**What needs to be done**:
Please reproduce the data exactly, excluding any pictures it contains.

**Information supplied**:
────────────────────

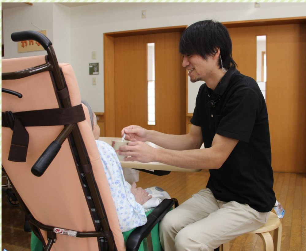
※令和元年以前に撮影された写真です。
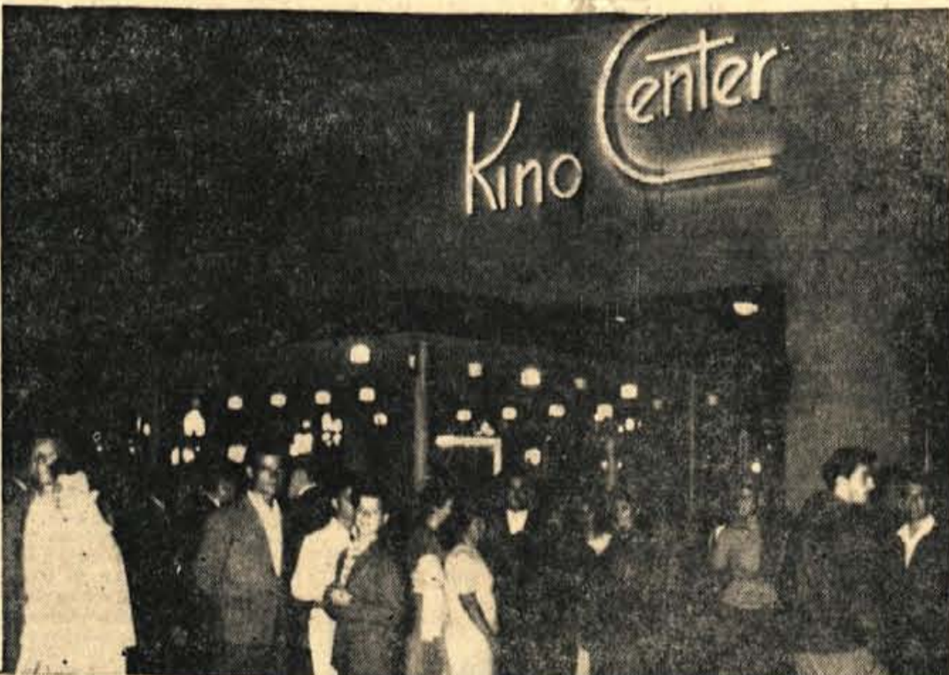
V sredo zvečer pred dvorano kina »Center«

Ali bo današnji koncert Magnifico navdušil poslušavce?

────────────────────

**Result**:
※令和元年以前に撮影された写真です。
V sredo zvečer pred dvorano kina »Center«

Ali bo današnji koncert Magnifico navdušil poslušavce?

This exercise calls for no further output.